[Collected data]
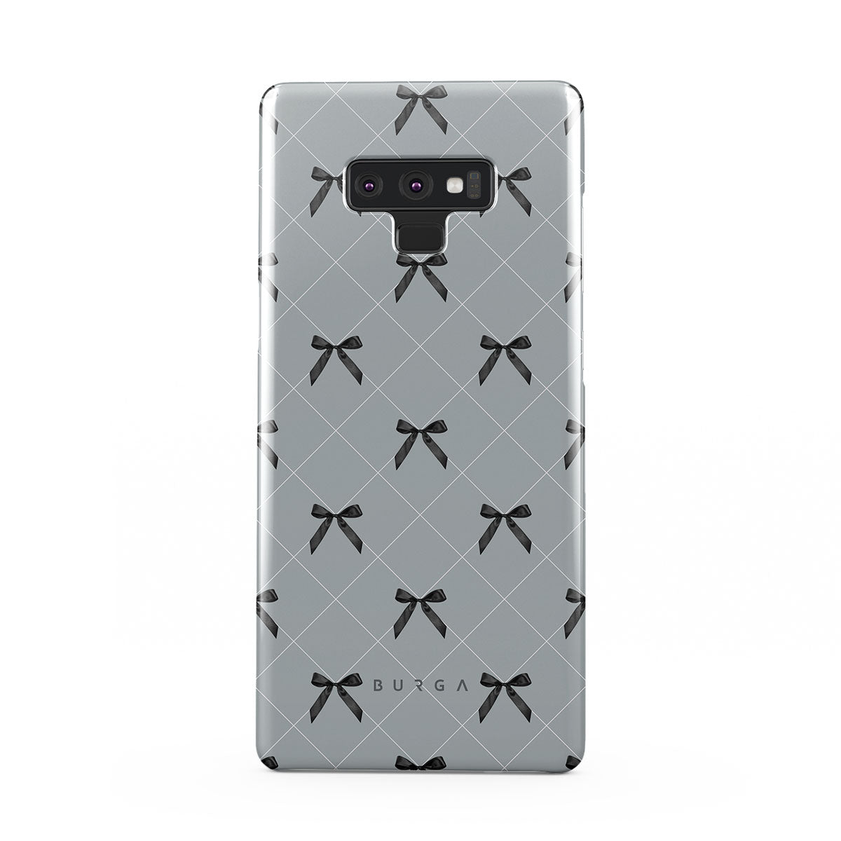 A subtle hint to a world of dance and soft melodies. Crisscrossing bows over a muted gray tone capture the flirtatious essence of the coquette-core aesthetic. Playful and sweet, our Coquette Samsung Galaxy Note 9 phone case design is perfect for those who find beauty in the details.
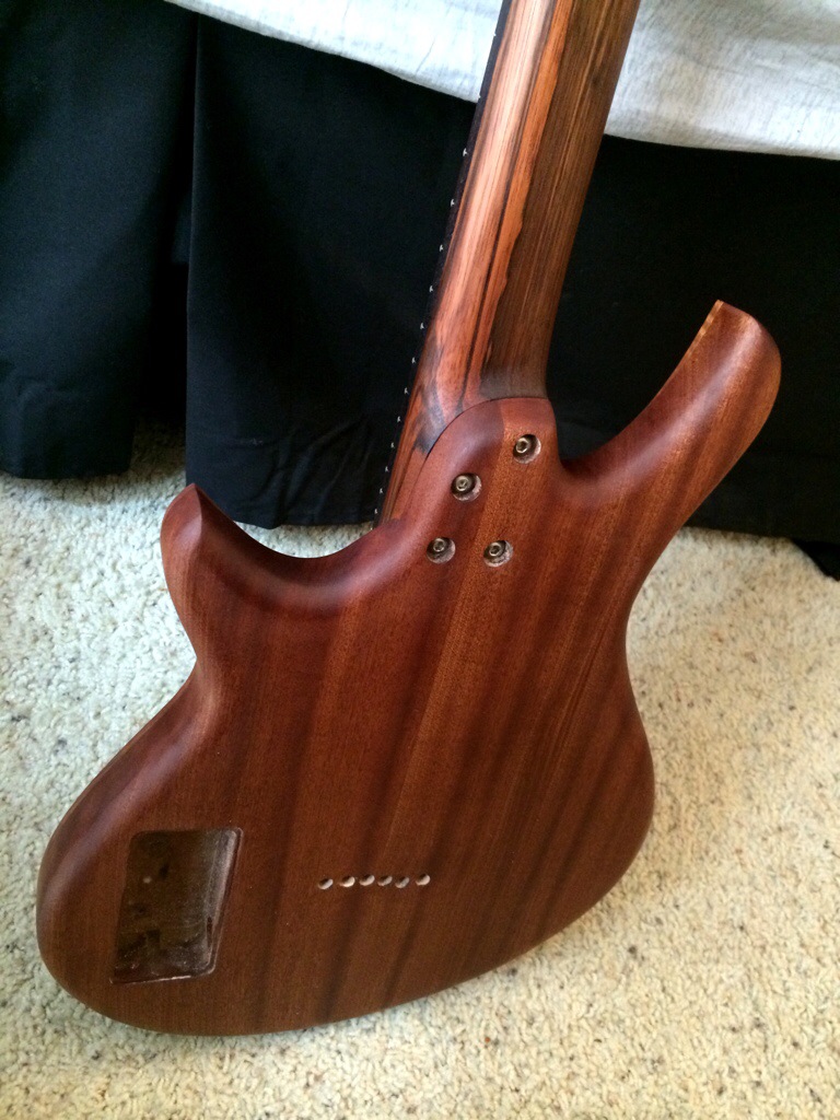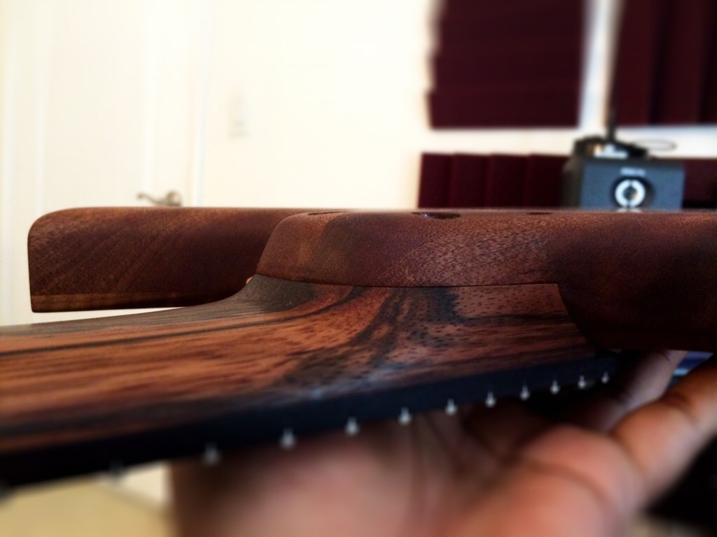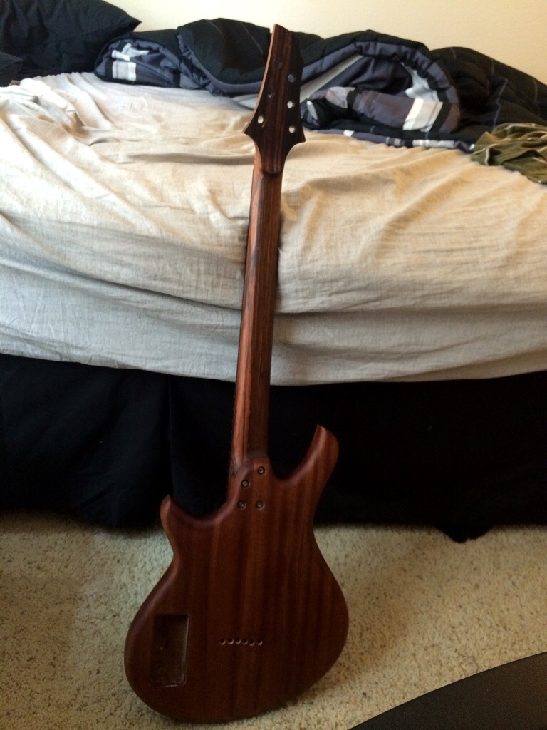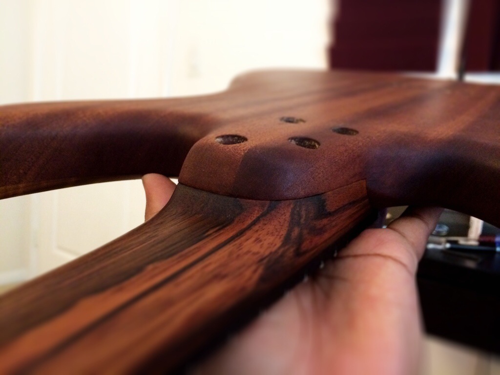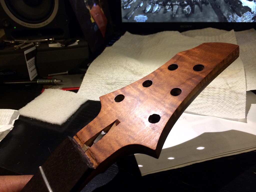 I’m really loving this. I might honestly stop after 600 grit because this luster is so warm and inviting. I’m really eager to use the wood butter and wax that the guys over at Odie’s oil are sending me. Anyways that should arrive tomorrow. I’ll do the final coats this thurs and Friday night then leave to dry over the weekend. The neck’s peghead has been sanded up to 320. I’ll probably just do a few coats on the face after I route the access for the inlay tomorrow.
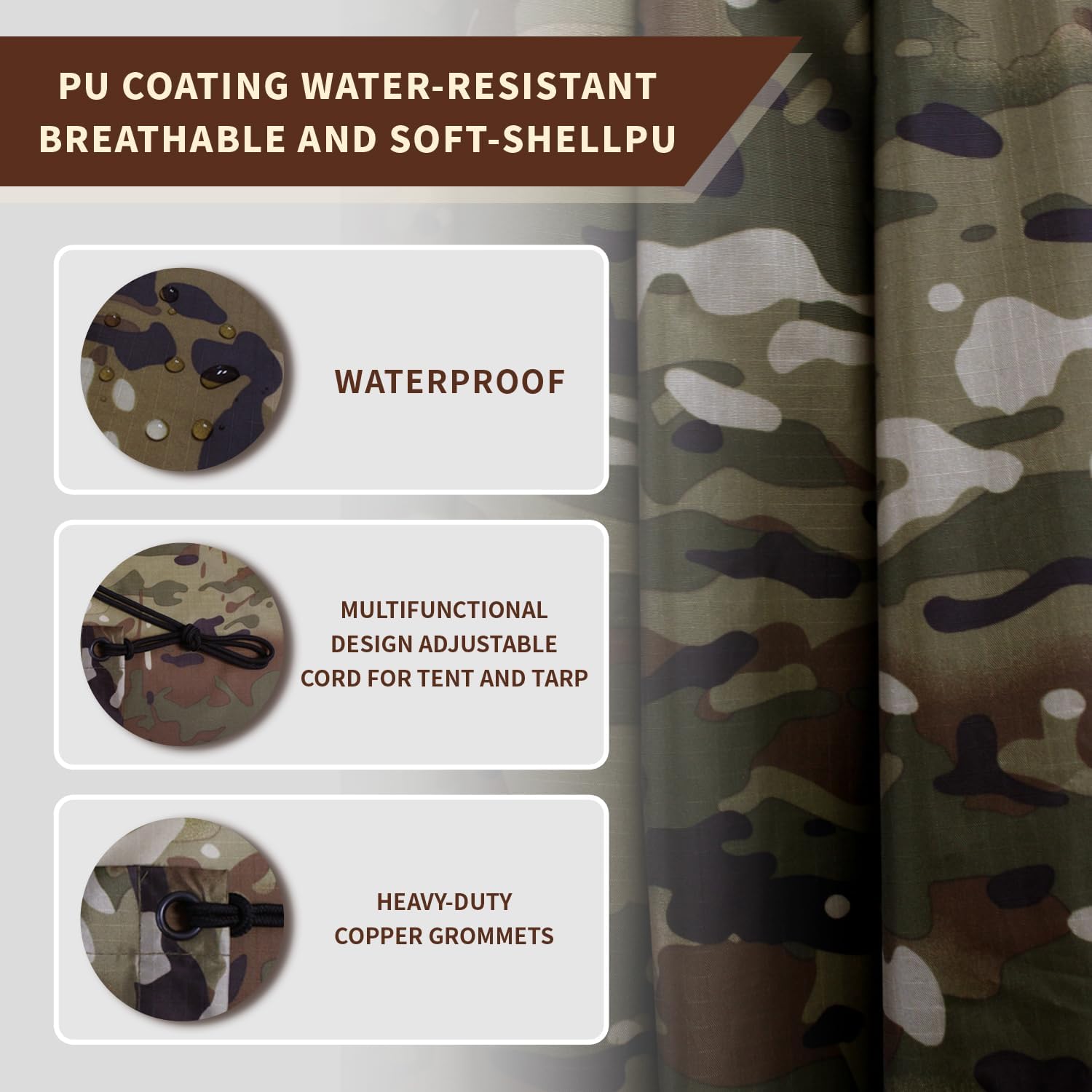 The waterproof camo poncho can be served as an emergency shelter, tent or ground sheet. Snap 2 or more together can build a shelter as big as you need. No tools needed, simply tie the ends together in a knot or drawstrings through the heavy-duty copper grommets.
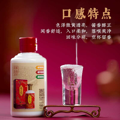 酒体清雅柔和,缓缓地滑入喉咙之间,迸发出醇香诱人的气息。酒液回味甘甜,入口无浓烈的辛辣感,使人身心愉悦。
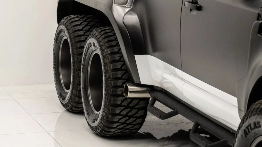 Za početak, šasija je presečena i produžena kako bi se napravilo mesta za treću osovinu, odnosno još dva točka. Za razliku od nekih jeftinijih 6x6 konverzija, ovi dodatni točkovi su povezani sa pogonom, ali izazovi idu mnogo dalje od toga.
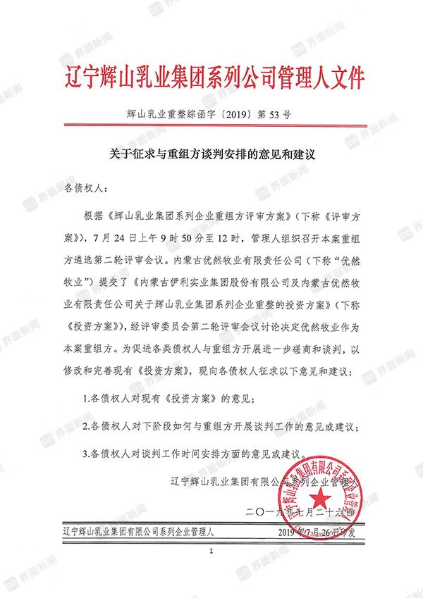 界面新闻独家获得的文件显示,一份由“辽宁辉山乳业集团系列公司管理人”在7月26日下发的文件称,根据《辉山乳业集团系列企业重组方评审方案》,7月24日管理人组织召开本案重组方遴选第二轮评审会议,内蒙古优然牧业有限公司提交了《内蒙古伊利实业集团股份有限公司及内蒙古优然牧业有限责任公司关于辉山乳业集团系列企业重整的投资方案》(下称“投资方案”)。经评审委员会第二轮评审会议讨论决定优然牧业作为本案重组方,并开始向债权人征求意见,以修改和完善《投资方案》。
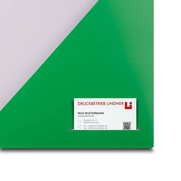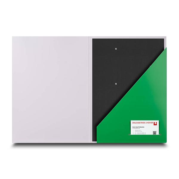 Die Mappe Personaldienstleistung ist eine hochwertige Präsentationsmappe aus 360g White Design mit auffälligem grünem Pantone-Innenleben und matter Relief-Lackierung, die Unterlagen strukturiert und farblich ansprechend bündelt. Innen haltet eine schräg gesteckte Einstecktasche und ein praktischer Visitenkartenschlitz Dokumente sicher, während die gestalterischen Details und die hochwertige Lackierung (u. a. Relief Lack) den professionellen Eindruck verstärken. Das glänzende Logo auf der Titelseite hebt die Marke hervor und macht die Mappe im Kundengespräch sofort wiedererkennbar. Als Hersteller unterstützen wir Personaldienstleister dabei, Dienstleistungen kompakt zu präsentieren, Vertrauen zu schaffen und Kandidat:innen sowie Auftraggeber:innen wirkungsvoll anzusprechen.
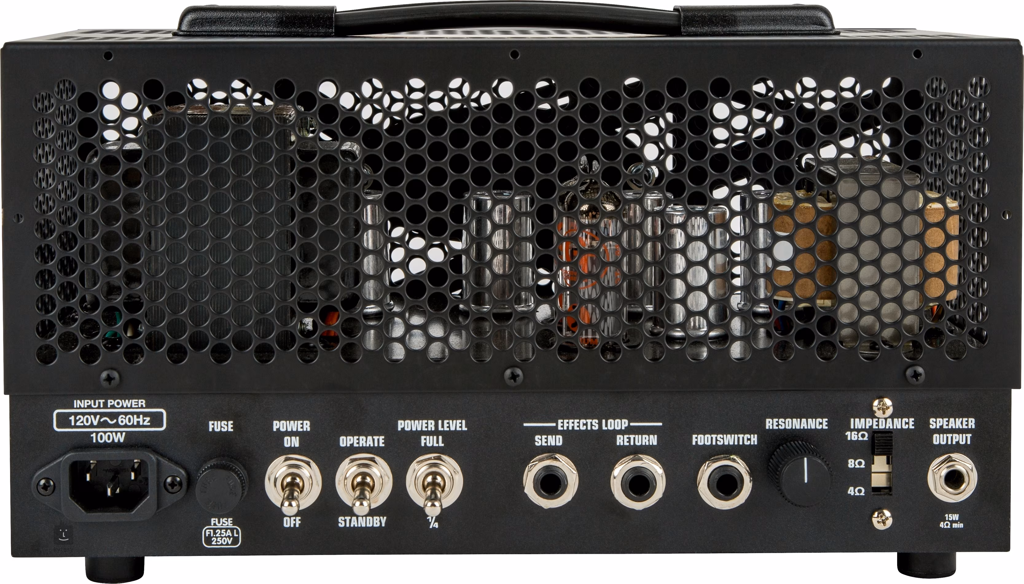 Pět elektronek ECC83S (12AX7) v preampu a dvě koncové elektronky EL84 spolehlivě poskytují tomuto aparátu řádně šťavnatý high-gain zvuk. Dva kanály, modrý “Crunch” a červený “Full Burn” nabízí v kombinaci s nastavením ovladačů (low/mid/high/presence/resonance) všechny odstíny “brown soundu” - od žhavých tónů jižanského blues po nekompromisní metalové zkreslení. K dispozici je i efektová smyčka pro snadné připojení vašich oblíbených pedálových efektů, výstup do reproboxu (přepínačem lze nastavit impedanci 16, 8 nebo 4 ohmy) a přibalený footswitch pro snadné přepínání mezi kanály.
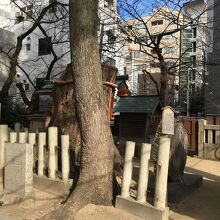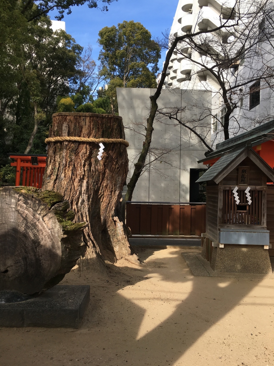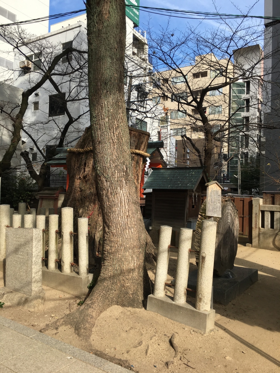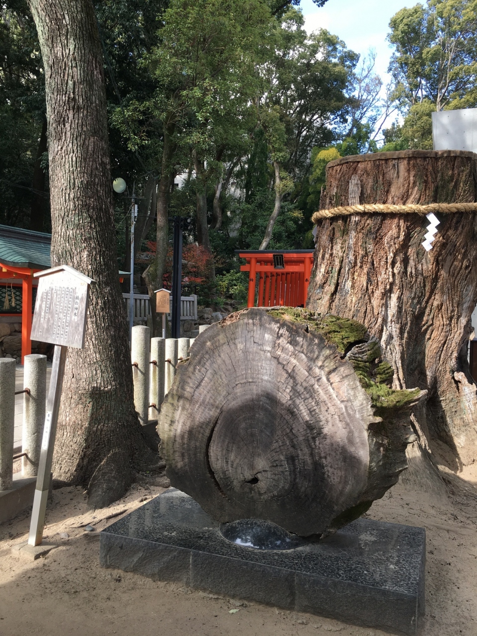 東門の出入口付近にありました。細長い木の横に立っていて太い木ですが高さは2メートルぐらいで昭和の大空襲で焼けましたが再生して、復活した木です。注連縄で巻き、横には大きな切り取った切り株があり年輪が歴史を物語っていました。
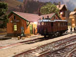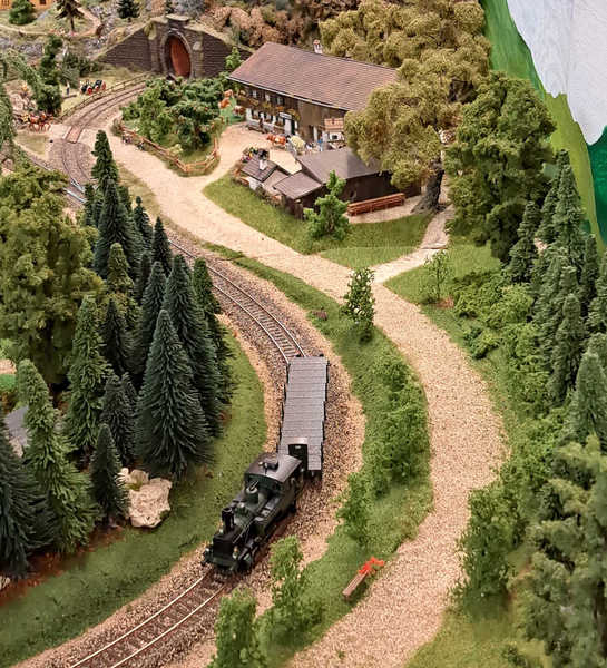 Mit der Jugend bauen wir ein Diorama. Aus einem Steinbruch werden mit einer Schmalspurbahn werden die Steine in eine Fabrik gefahren. Anschließend fährt der leere Zug zurück in den Berg, um neue Steine zu laden.
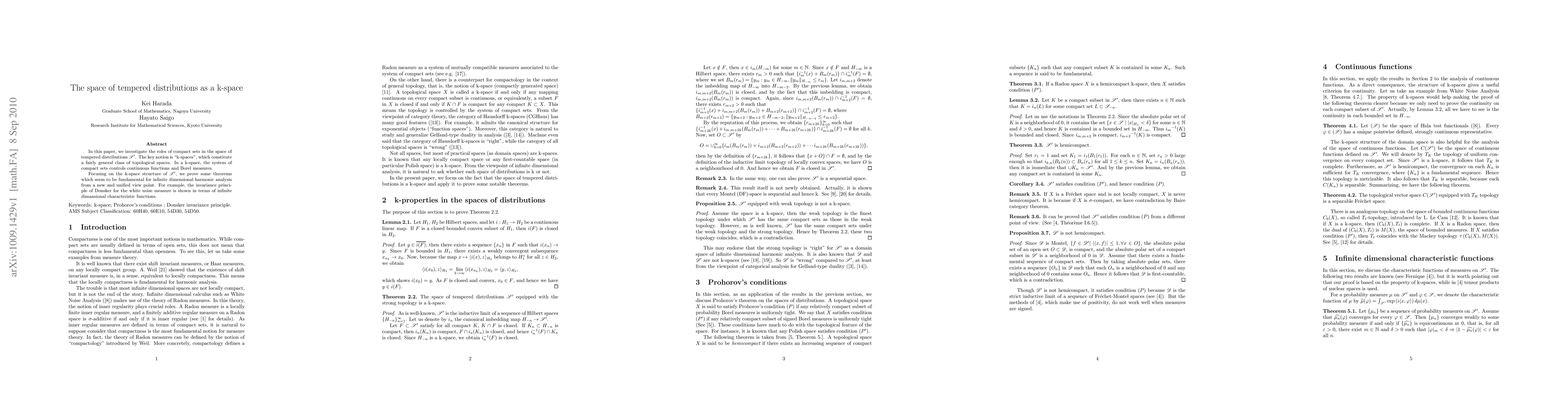 In this paper, we investigate the roles of compact sets in the space of tempered distributions $\mathscr{S}^{\prime}$. The key notion is "k-spaces", which constitute a fairly general class of topological spaces. In a k-space, the system of compact sets controls continuous functions and Borel measures. Focusing on the k-space structure of $\mathscr{S}^{\prime}$, we prove some theorems which seem to be fundamental for infinite dimensional harmonic analysis from a new and unified view point. For example, the invariance principle of Donsker for the white noise measure is shown in terms of infinite dimansional characteristic functions.
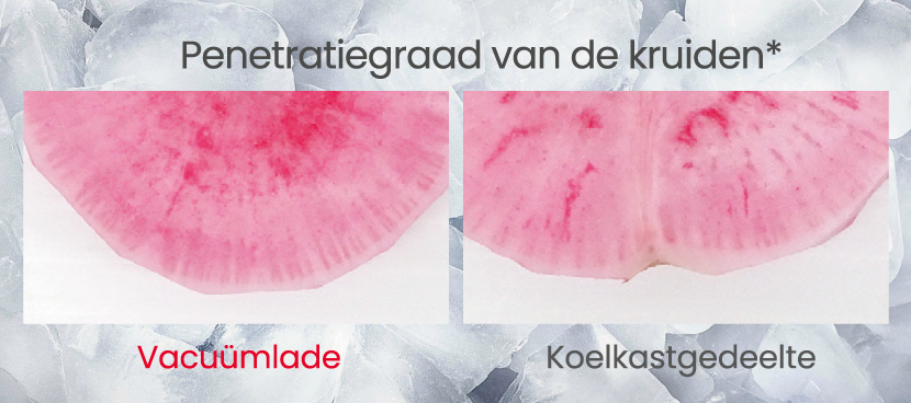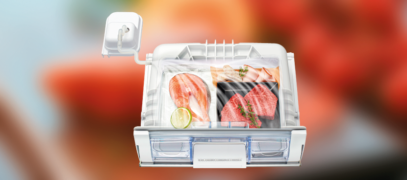 Schnellere Geschmacksaufnahme von Kräutern und MarinadenEine schnellere Geschmacksaufnahme ist möglich, da das Fach Luft aus der Schublade entfernt, wodurch Kräuter oder Marinaden schneller von den Speisen aufgenommen werden können, sodass weniger Zeit für die Zubereitung Ihres Fleisches oder Fischs benötigt wird und Sie mehr Zeit haben, Ihr Essen zu genießen. *Von Hitachi getestet. Die Wirkung kann je nach Frische der gelagerten Lebensmittel unterschiedlich sein.
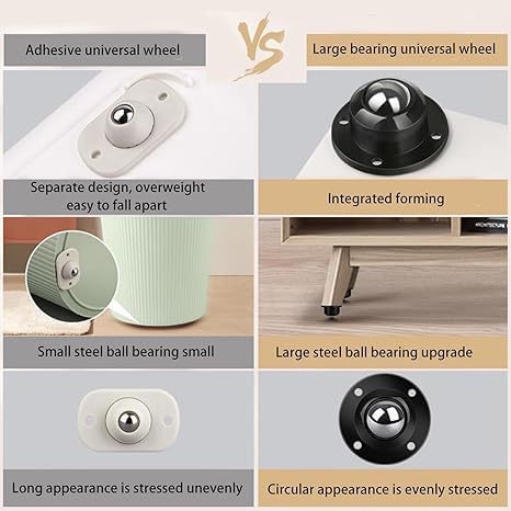 360° SWIVEL WHEELS: The 360° rotatable design of the 4pcs caster wheel allows for easy maneuverability and smooth movement. The smooth ball surface further enhances their performance, allowing for effortless gliding and reducing vibration. Whether you are moving a table, furniture, or small appliances, these caster wheels ensure hassle-free navigation in any direction.
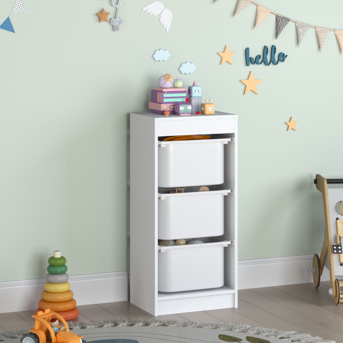 Raft cu cutii de depozitare, alb, DUVAN

What you have to do: Transcribe nothing but the lines from the one containing "360° SWIVEL WHEELS: The" through the final line of the records, exactly as written and without pictures.

Task output:
 360° SWIVEL WHEELS: The 360° rotatable design of the 4pcs caster wheel allows for easy maneuverability and smooth movement. The smooth ball surface further enhances their performance, allowing for effortless gliding and reducing vibration. Whether you are moving a table, furniture, or small appliances, these caster wheels ensure hassle-free navigation in any direction.
 Raft cu cutii de depozitare, alb, DUVAN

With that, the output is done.